Data transfer
Transfer protocols#
A number of methods allow transferring data in/out of Sherlock. For most cases, we recommend using SSH-based file transfer commands, such as scp
, sftp
, or rsync
. They will provide the best performance for data transfers from and to campus.
For large transfers, using DTNs is recommended
Most casual data transfers could be done through the login nodes, by pointing your transfer tool to login.sherlock.stanford.edu
. But because of resource limits on the login nodes, larger transfer may not work as expected.
For transferring large amounts of data, Sherlock features a specific Data Transfer Node, with dedicated bandwidth, as well as a managed Globus endpoint, that can be used for scheduled, unattended data transfers.
We also provide tools on Sherlock to transfer data to various Cloud providers, such as AWS, Google Drive, Dropbox, Box, etc.
Prerequisites#
Most of the commands detailed below require a terminal and an SSH client1 on your local machine to launch commands.
You'll need to start a terminal and type the given example commands at the prompt, omitting the initial $
character (it just indicates a command prompt, and then should not be typed in).
Host keys#
Upon your very first connection to Sherlock, you will be greeted by a warning such as :
The authenticity of host 'login.sherlock.stanford.edu' can't be established.
ECDSA key fingerprint is SHA256:eB0bODKdaCWtPgv0pYozsdC5ckfcBFVOxeMwrNKdkmg.
Are you sure you want to continue connecting (yes/no)?
The same warning will be displayed if your try to connect to one of the Data Transfer Node (DTN):
The authenticity of host 'dtn.sherlock.stanford.edu' can't be established.
ECDSA key fingerprint is SHA256:eB0bODKdaCWtPgv0pYozsdC5ckfcBFVOxeMwrNKdkmg.
Are you sure you want to continue connecting (yes/no)?
This warning is normal: your SSH client warns you that it is the first time it sees that new computer.
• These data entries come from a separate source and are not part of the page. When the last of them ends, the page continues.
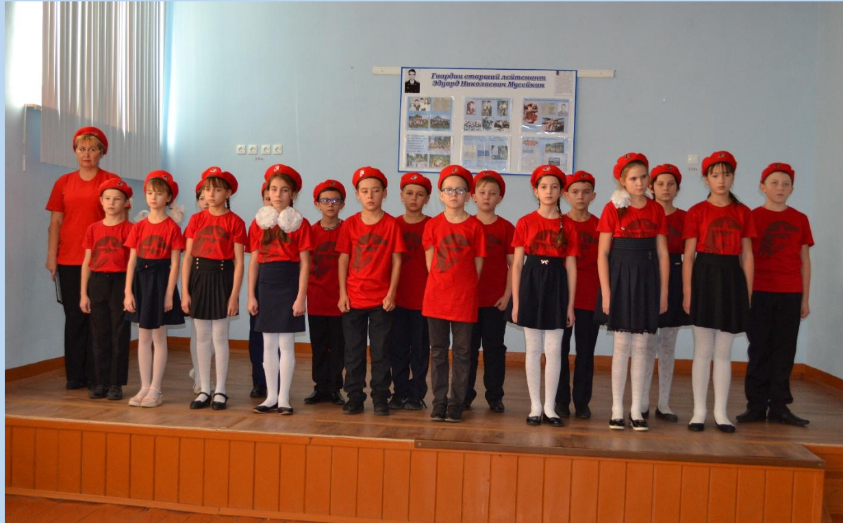
Юнармейцы 5 класса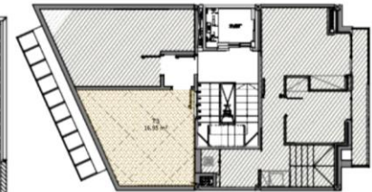
TERRAZA EN P3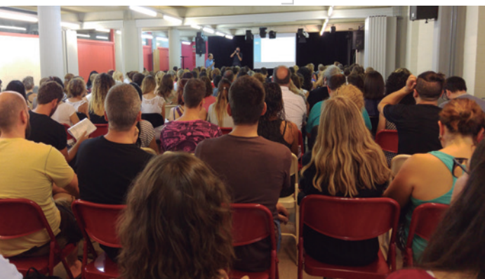
Imagen 1. Claustro de maestros y profesores de +Educació

Más del 80% de las criaturas se quedan en la escuela a la hora de comer, haciendo uso de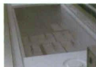
ディープフリーザー

死体解剖保存法にのっとって病理解剖を行います。摘出された脳の左半分、つまり左脳は、病理診断に使われます。これは、亡くなった方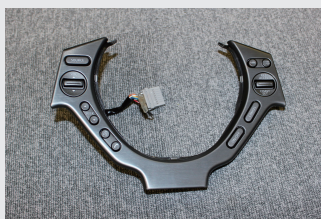
13 SWパネルが外された状態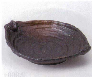
ヤ251-20 黒備前全茶吹芳躰手付鉢大 23×18×4.5cm 1,780円 ヤ251-21 黒備前全茶吹芳躰手付鉢小 17.5×13.5×4.2cm 1,050円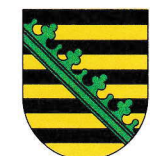
Sachsen 18.420 km 2 4,046 Mio EW

To make sure you are actually connecting to the right machine, you should compare the ECDSA key fingerprint shown in the message with one of the fingerprints below:
Key type | Key Fingerprint |
---|---|
RSA | SHA256:T1q1Tbq8k5XBD5PIxvlCfTxNMi1ORWwKNRPeZPXUfJA legacy format: f5:8f:01:46:d1:f9:66:5d:33:58:b4:82:d8:4a:34:41 |
ECDSA | SHA256:eB0bODKdaCWtPgv0pYozsdC5ckfcBFVOxeMwrNKdkmg legacy format: 70:4c:76:ea:ae:b2:0f:81:4b:9c:c6:5a:52:4c:7f:64 |
If they match, you can proceed and type ‘yes’. Your SSH program will then store that key and will verify it for every subsequent SSH connection, to make sure that the server you're connecting to is indeed Sherlock.
Host keys warning#
If you've connected to Sherlock 1.0 before, there's a good chance the Sherlock 1.0 keys were stored by your local SSH client. In that case, when connecting to Sherlock 2.0 using the sherlock.stanford.edu
alias, you will be presented with the following message:
@@@@@@@@@@@@@@@@@@@@@@@@@@@@@@@@@@@@@@@@@@@@@@@@@@@@@@@@@@@@@@@@@@@@@@@
@ WARNING: POSSIBLE DNS SPOOFING DETECTED! @
@@@@@@@@@@@@@@@@@@@@@@@@@@@@@@@@@@@@@@@@@@@@@@@@@@@@@@@@@@@@@@@@@@@@@@@
The RSA host key for sherlock.stanford.edu has changed, and the key for
the corresponding IP address 171.66.97.101 is unknown. This could
either mean that DNS SPOOFING is happening or the IP address for the
host and its host key have changed at the same time.
@@@@@@@@@@@@@@@@@@@@@@@@@@@@@@@@@@@@@@@@@@@@@@@@@@@@@@@@@@@@@@@@@@@@@@@
@ WARNING: REMOTE HOST IDENTIFICATION HAS CHANGED! @
@@@@@@@@@@@@@@@@@@@@@@@@@@@@@@@@@@@@@@@@@@@@@@@@@@@@@@@@@@@@@@@@@@@@@@@
IT IS POSSIBLE THAT SOMEONE IS DOING SOMETHING NASTY!
Someone could be eavesdropping on you right now (man-in-the-middle
attack)! It is also possible that a host key has just been changed.
The fingerprint for the RSA key sent by the remote host is
SHA256:T1q1Tbq8k5XBD5PIxvlCfTxNMi1ORWwKNRPeZPXUfJA.
Please contact your system administrator.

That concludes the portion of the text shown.